Signing The Indo-Soviet Peace Treaty (1971)

Soviet Premier Brezhnev and Indira Gandhi with DP Dhar (centre) at the signing of the Indo-Soviet Peace Treaty. 9 August 1971.

In February 1969, shortly after taking office, Ambassador Dhar expostulated to Soviet Premier Alexei Kosygin about their recent supply of arms to Pakistan, and that’s when the idea of an Indo-Soviet treaty first came up. It was formally put forward by Defence Minister Marshal Grechko in his talks in New Delhi with Defence Minister Swaran Singh on March 2, 1969. He carried a letter by Brezhnev to Indira Gandhi dated February 28, 1969 that suggested that the two countries enter into a treaty.

However, it took another two years of negotiations as Ambassador Dhar and his team in Moscow laid the groundwork for the treaty. With the crisis in East Pakistan (soon to be Bangladesh) deepening, Indira Gandhi wanted Dhar back in Delhi. In August 1971, he stepped down as Ambassador to the Soviet Union, bringing his first, highly successful term to an end. Mrs. Gandhi immediately appointed him Chairman of the Policy Planning Committee in the Ministry of External Affairs, a role that positioned him as one of the chief architects of Bangladesh’s liberation.

 
 

Even after the first term of his ambassadorship was over, Dhar continued to play a key role in Indo-Soviet relations. His carefully cultivated relationship with the Kremlin leadership proved to be most useful. On August 4, 1971, Dhar flew to Moscow as a special envoy for Mrs. Gandhi. Diplomatic observers believed that with increasing tensions between India and Pakistan, India wanted a commitment from the Soviets that they would help in the event of a Pakistani attack. A few days later, Soviet Foreign Minister Andrei A. Gromyko arrived in India as a gesture of solidarity.
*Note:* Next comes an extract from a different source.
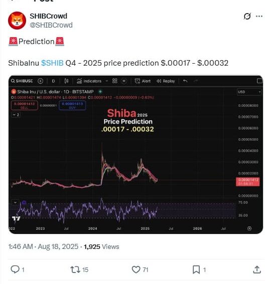 Gunning for a retest of its 2021 all-time high of $0.000088, now might be a good time to have exposure to the Shiba Inu coin. SHIBCrowd, brimming with confidence, made a bold Shiba Inu price prediction by targeting $0.00032 in Q4.Ā Ā

On August 9, 1971, Dhar’s relentless efforts and two years of work came to fruition as the historic Indo-Soviet Peace Treaty of Peace, Friendship and Cooperation was finally signed. It became the deciding factor in Indo-Pakistan War later that year and in the liberation of Bangladesh. To learn more about the treaty negotiations, read A.G. Noorani’s account here.
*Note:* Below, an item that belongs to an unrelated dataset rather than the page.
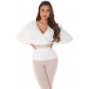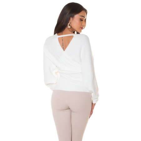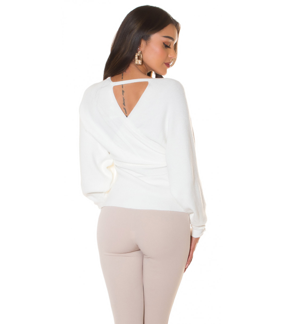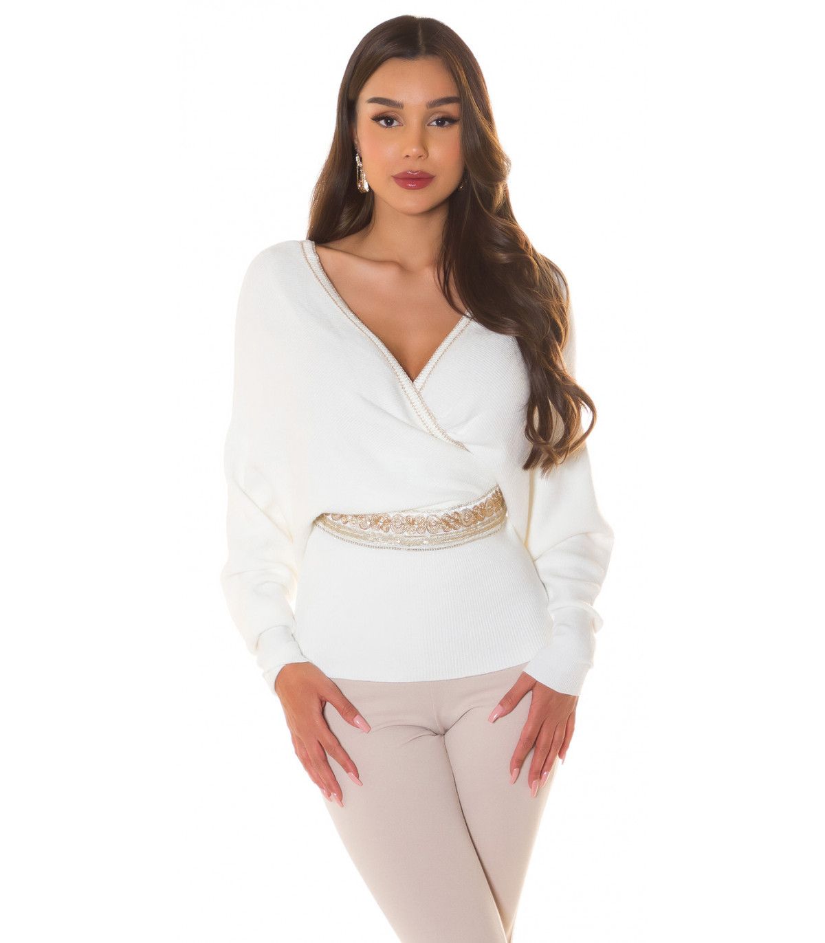 Valkoinen koristeinen lepakkohihainen wrap-look v-neule

Continued involvement in Indo-Soviet relations

Even after the end of his first term as Ambassador and the thawing of tensions with Pakistan, Dhar continued to be a key man in all matters regarding the Soviet Union. As Minister of Planning in the Union Cabinet, he traveled to Moscow several times to negotiate trade agreements.

In November 1973, when Soviet President Brezhnev arrived in Delhi to meet Indira Gandhi, Dhar led the talks on behalf of the Indian side.

Second Term as Ambassador to the USSR

On February 1, 1975, D.P. Dhar was re-appointed Ambassador to the Soviet Union. Unfortunately, his second tenure was short-lived as he succumbed to a heart ailment on 12 June 1975.

In the four months that he spent in Moscow during his second term, Ambassador Dhar had a grand vision for the development of Indo-Soviet relations. Following his first term and his trade engagement with the Soviets as Minister of Planning, he had a level of Soviet expertise none in Mrs. Gandhi’s cabinet could match.

TP Sreenivasan, then working as the head of chancery at the embassy in Moscow, recounts, “He had the gift of spotting talent and making use of it. Apart from Fotedar [his personal secretary], he brought Gopi Arora as minister (economic), even though Peter Sinai, as the deputy chief of mission, was already entrusted with economic work. He trusted both of them and made them work as a team. He brought my batchmate P K Singh along, but put me with him to work as a team of political assistants to him. Outside the embassy, his confidant was Parayil Unnikrishnan, the PTI chief in Moscow.” (Read more of TP Sreenivasan’s recollections here.)

A True Ambassador

The Embassy of India to the Russian Federation honoured the Late Ambassador D.P. Dhar on 26 June 2021. The D.P. Dhar Memorial Hall at the Indian Embassy in Moscow has been named after him.